Authors :
Presenting Author: Amy Tennant, APRN – Ann & Robert H. Lurie Children's Hospital of Chicago
Stefanie McCormack, MSHC, CCRP – Ann & Robert H. Lurie Children's Hospital of Chicago; Alexa King, MD – Northwestern University Feinberg School of Medicine; Yara Mikhaeil-Demo, MD – Northwestern University Feinberg School of Medicine; Linda Laux, MD – Ann & Robert H. Lurie Children's Hospital of Chicago; David Bieber, MD – Ann & Robert H. Lurie Children's Hospital of Chicago
Rationale:
The transition from pediatric to adult care is a growing area, as more children with disorders previously considered fatal in childhood are surviving into adulthood (Perrin et al., 2007), with growing attention brought to this topic (American Academy of et al., 2011; American Academy of et al., 2002; Brown et al., 2016). We present our experience establishing a transition program based on readily available resources.
Methods:
With the aid of grant funding from the Child Neurology Foundation, Northwestern Hospital and Lurie Children’s Hospital developed a transition program over one year, integrating Got Transition's Core Elements (Got Transition, 2014). The EpiTRAQ readiness assessment questionnaire was adapted from The University of Michigan and incorporated into our electronic medical record (EMR). Patients 14 years and older with an upcoming visit were sent the EpiTRAQ electronically. A brief survey was sent to epilepsy providers for feedback on the EpiTRAQ. For the warm handoff, patients 18 years and older and of normal cognition were selected for a telemedicine visit with their established pediatric and new adult neurology providers.
Results:
Seventy six EpiTRAQ questionnaires were assigned, with overall completion rate of 50%. The majority were done on day of the visit (56%). Amongst English-speaking patients, completion rates were 60%, compared to only 18% of Spanish-speaking patients. Providers were polled two months after the EpiTRAQ go live date, to evaluate if they felt there was an effect on increased discussion about transition during patient visits: 44.4% said yes, 44.4% said no and 11.1% were unsure; with a 75% response rate. There were two warm hand-off visits, each with a three month patient post-visit survey with high satisfaction scores.
Conclusions:
We present the implementation of a transition program using available evidence-based assessment tools and recommended components from medical society consensus statements. Incorporating the EpiTRAQ into the EMR was a success, with aid from the University of Michigan. It provided an automated and reliable assessment of youth readiness for transition. It appeared to spark discussion about the transition to adult care during patient visits.
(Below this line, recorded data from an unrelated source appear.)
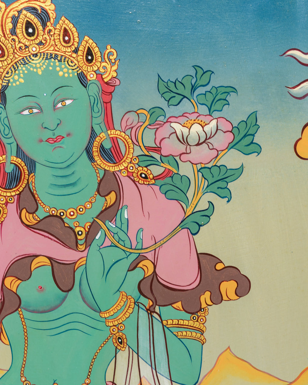 This Tibetan Buddhist wall hanging is more than just a gorgeous piece; it is a spiritual treasure that represents protection, compassion, and direction. Believers regard Green Tara as a quick savior who is always ready to answer devotees' cries in times of need. Placing this wall hanging in your house or shrine is thought to bring blessings, harmony, and spiritual energy into the place, making it ideal for practitioners, collectors, or anyone who is drawn to sacred art.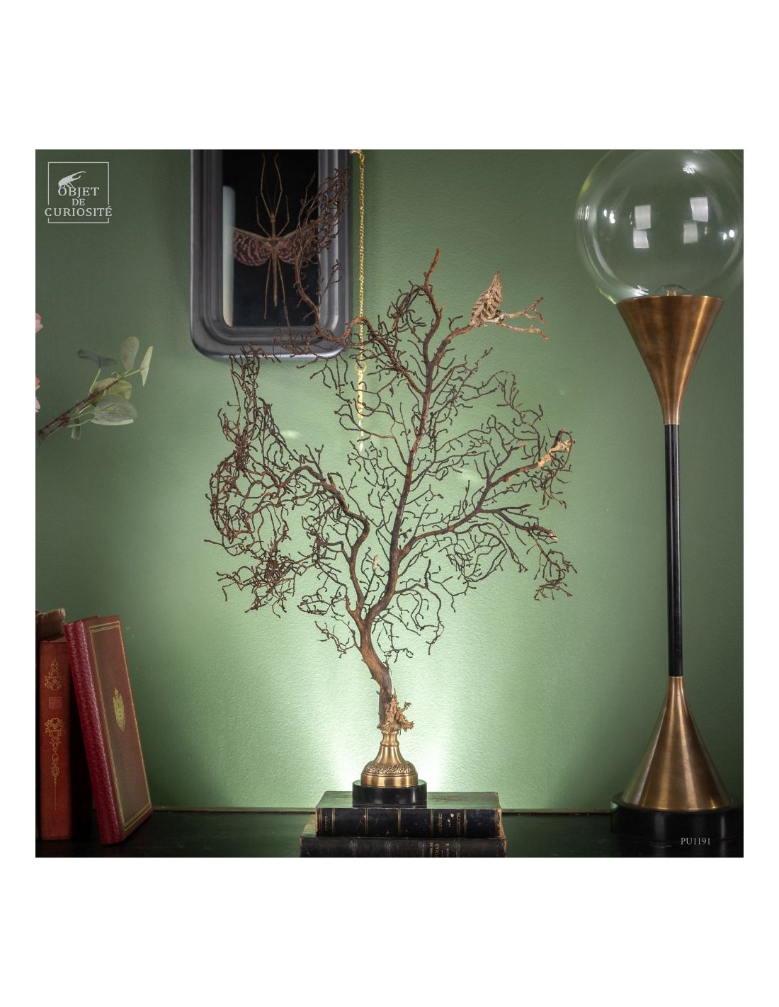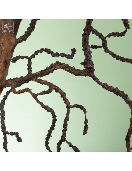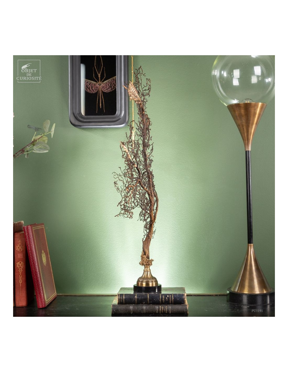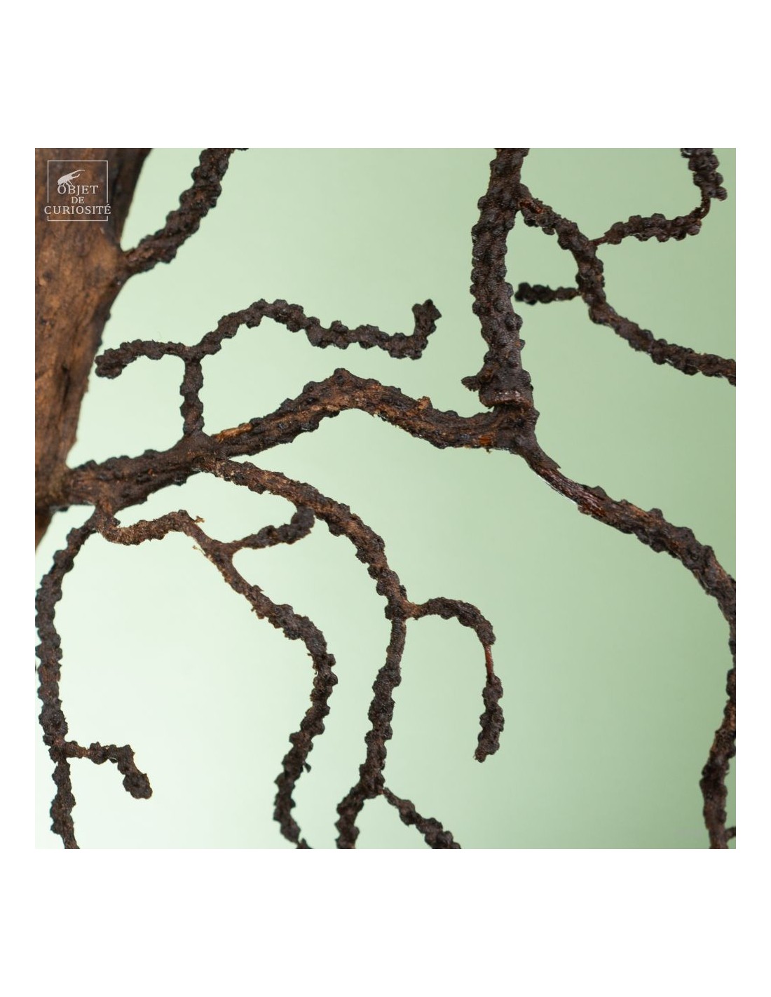 Cette gorgone marron, provenant des eaux de Micronésie, est un spécimen remarquable de polypes coloniaux marins. Chaque polype possède 8 tentacules qui filtrent le plancton dans les courants marins. Contrairement à de nombreuses espèces marines, la gorgone ne pousse pas vers la lumière, mais perpendiculairement aux courants, maximisant ainsi sa capacité à capter les nutriments. Son squelette, composé de gorgonine, est à la fois souple et résistant. Montée sur laiton et marbre, cette pièce met en valeur la beauté brute des récifs coralliens.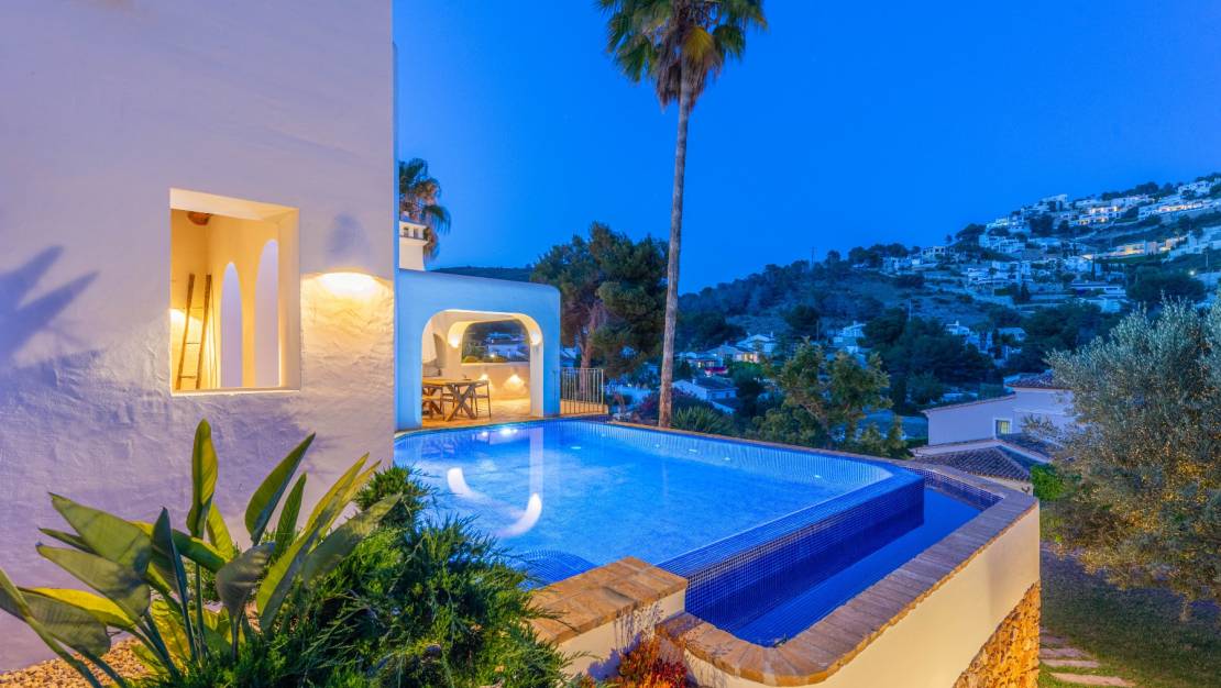 Villa de estilo ibicenco en El Portet Moraira. Esta hermosa villa, construida en 2007 y completamente renovada en 2024, está a la venta. Una casa acogedora y elegante a solo 1 km de la playa de El Portet. Arquitectura blanca, esencia mediterránea y diseño atemporal a tan solo 1 km de la emblemática playa de El Portet. Le presentamos esta villa ibicenca que encarna la elegancia serena del Mediterráneo. Situada en una de las zonas más codiciadas de Moraira, El Portet, esta propiedad ofrece una fusión perfecta entre estética tradicional y confort contemporáneo. Construida originalmente en 2007 y completamente renovada en 2024 con materiales nobles y técnicas de última generación, esta vivienda refleja un estilo de vida relajado y soluciones cómodas. Las líneas limpias, los muros encalados, los techos con vigas vistas y la conexión fluida entre interior y exterior conforman la esencia de la arquitectura ibicenca, reinterpretada con sensibilidad y autenticidad. La propiedad se desarrolla sobre una parcela privada y soleada, a solo 1 km del mar, con una superficie construida distribuida en tres niveles. En la planta principal, un recibidor con aseo de cortesía da paso a un amplio salón abierto a dos porches con vistas parciales al mar, la piscina y el jardín paisajístico. Desde el salón se accede a un gran comedor bañado en luz natural y a la cocina equipada, que se complementa con lavadero independiente. En el nivel inferior, se encuentran dos dormitorios dobles y un baño completo de gran tamaño. Existe la posibilidad de agregar un segundo baño en este nivel. También se ha integrado una bodega climatizada, ideal para los amantes del vino. La planta superior está reservada para la suite principal, con baño privado y una gran terraza con vistas abiertas al mar. Entre sus prestaciones destacan: calefacción por suelo radiante en toda la vivienda, aire acondicionado, sistema de alarma, conexión WiFi, ventanas de doble acristalamiento de nueva instalación, e iluminación arquitectónica tanto en interiores como exteriores. Se vende con mobiliario incluido, cuidadosamente seleccionado para complementar el estilo ibicenco de la villa. En el exterior, un jardín mediterráneo con riego automático envuelve la vivienda, y la piscina se integra de forma armónica en el entorno. Además, dispone de garaje cerrado para dos vehículos y acceso peatonal independiente. Una propiedad que combina ubicación, estilo y calidad en una de las zonas más exclusivas de la Costa Blanca Norte. Lista para entrar a vivir, esta villa ibicenca representa una oportunidad única de adquirir una vivienda con alma y carácter, junto al mar de Moraira.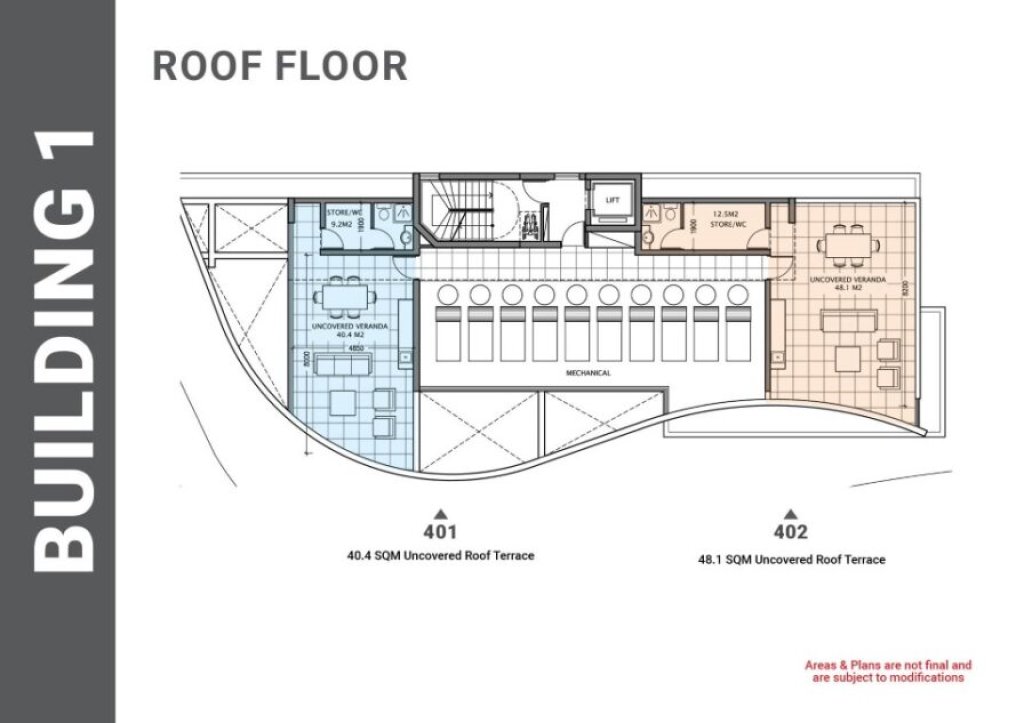 The apartment measures 179sqm total area, 86sqm internal area with a 22sqm covered veranda, a 21sqm uncovered veranda and a 50sqm roof garden.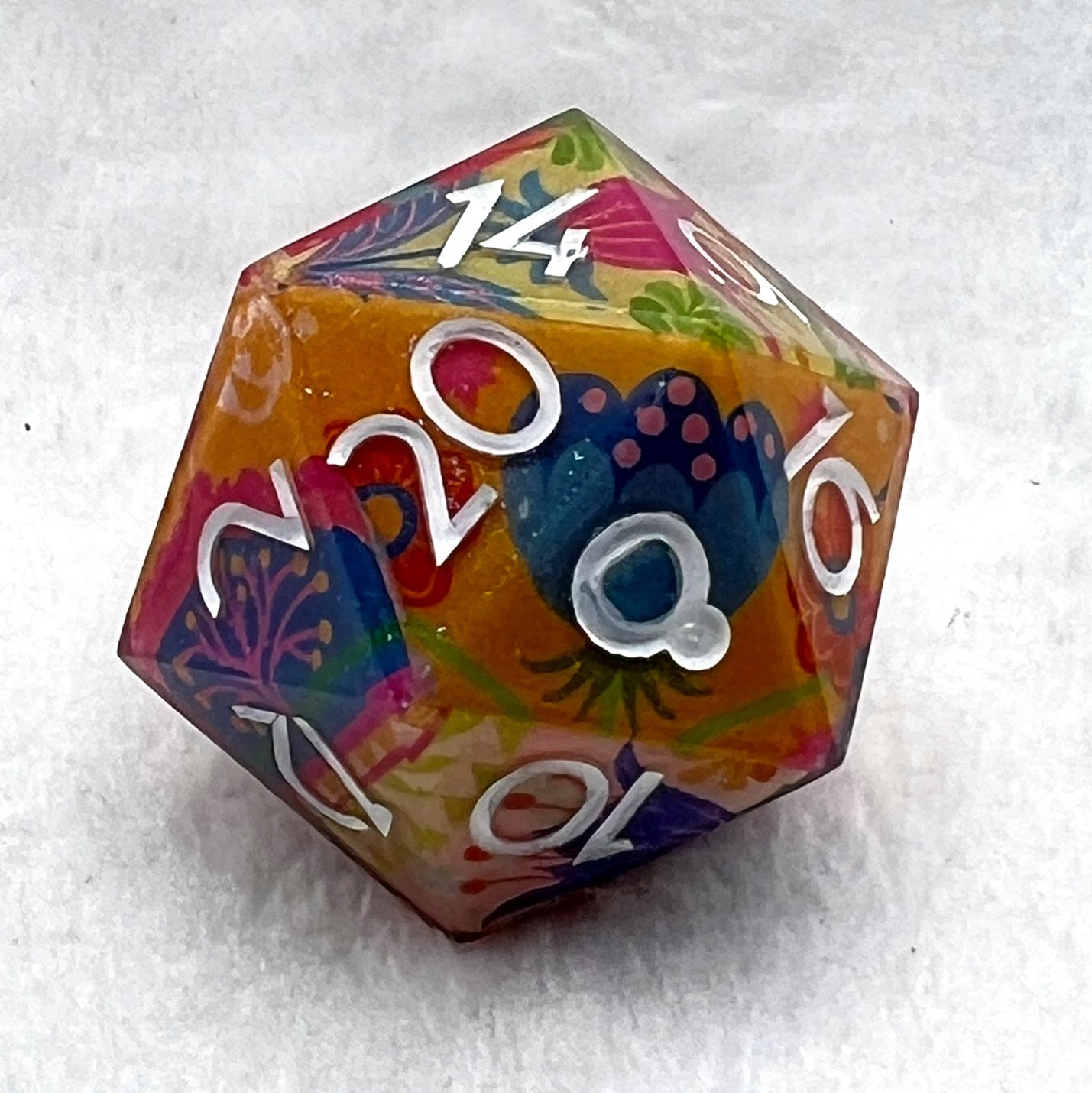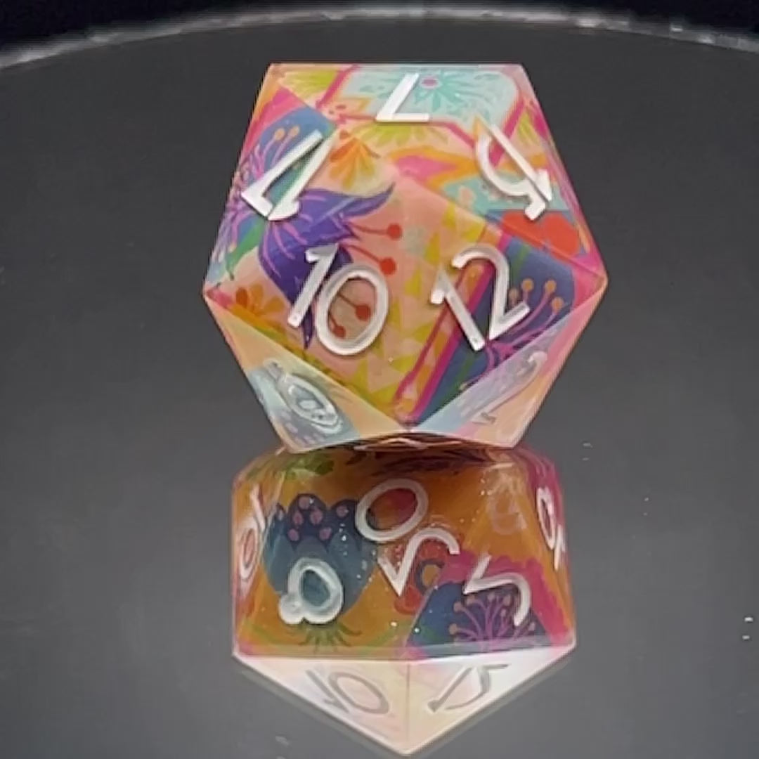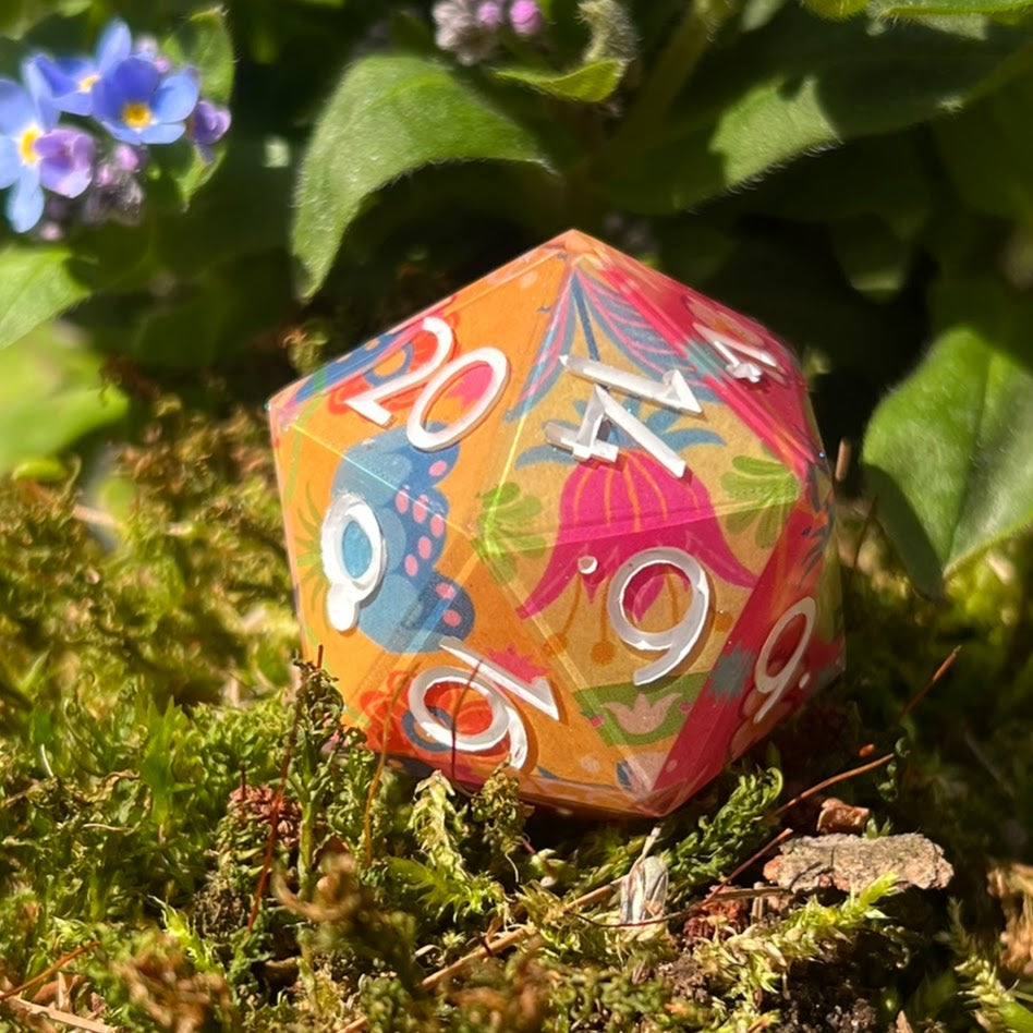Wrapped in Quilted washi by Anoosha Syed / @foxville_art, this d20, inspired by vintage quilt squares, is warm, bold, and just a little bit cozy. Whether you’re crafting spells or cross-stitches, it’s proof that comfort and chaos can share a table.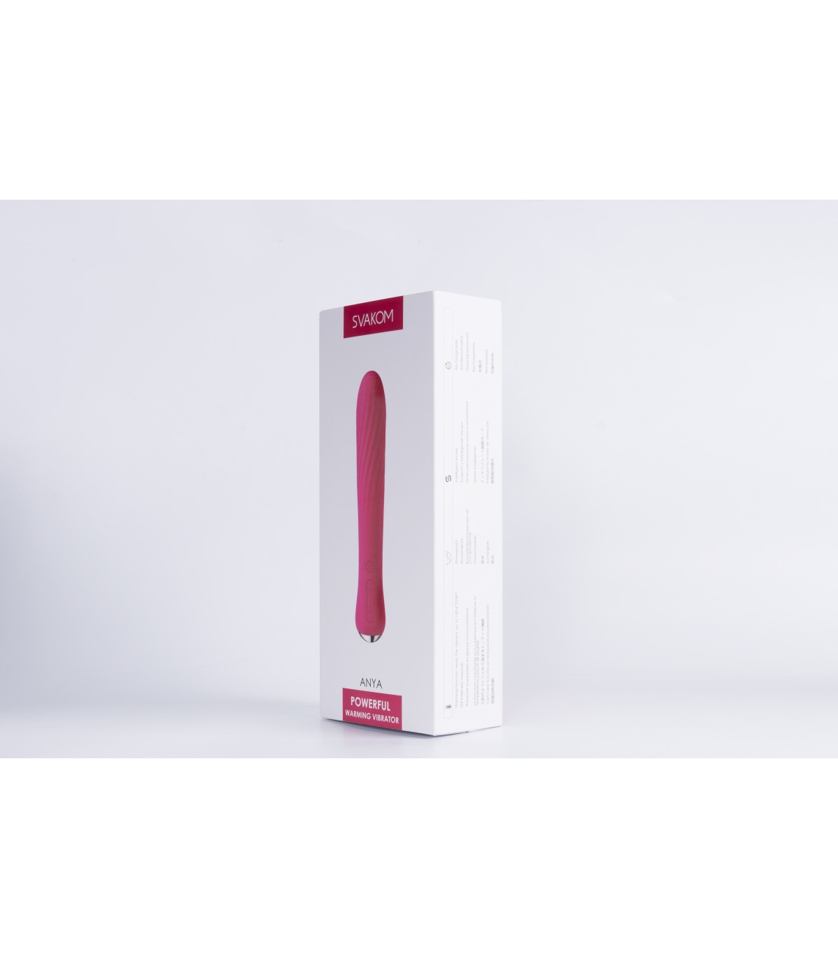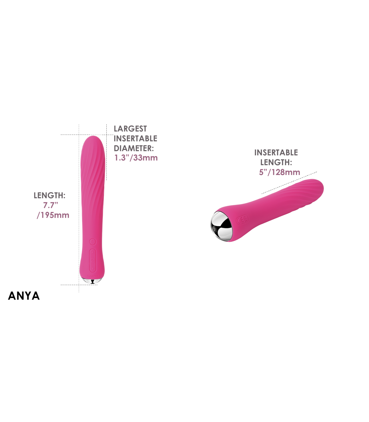 Anya ist ein leistungsstarker Vibrator mit Wärmefunktion. Durch seine mittlere Größe liegt es angenehm in der Hand und ist sehr einfach zu bedienen. Es wärmt knapp über die Körpertemperatur, bis zu etwa 38 °C (100,4 °F), und gewährleistet so das Eindringen der Körperwärme auch in der Kälte des Winters. Anya ist spritzwassergeschützt nach Stufe 6. Die Wasserdichtigkeitsklasse 6 bedeutet, dass Anya vor starkem Strahlwasser geschützt ist.

The low number of completed warm hand-off visits reveals areas of ongoing challenge, as previously reported (Camfield et al., 2012; Carrizosa et al., 2014; Fantaneanu et al., 2020). Though not formally tested, the primary barrier was difficulty in care coordination, requiring a dedicated full-time coordinator. The warm hand-off visit was a key component of the transition program, as it allows youth a space to meet their future provider, ask questions and clarify the next steps, which our patients and their families appreciate.
Despite some success with available transition tools, our center's experience echoed the need for a more sustainable framework to address the many barriers medical systems face when creating a successful transition program.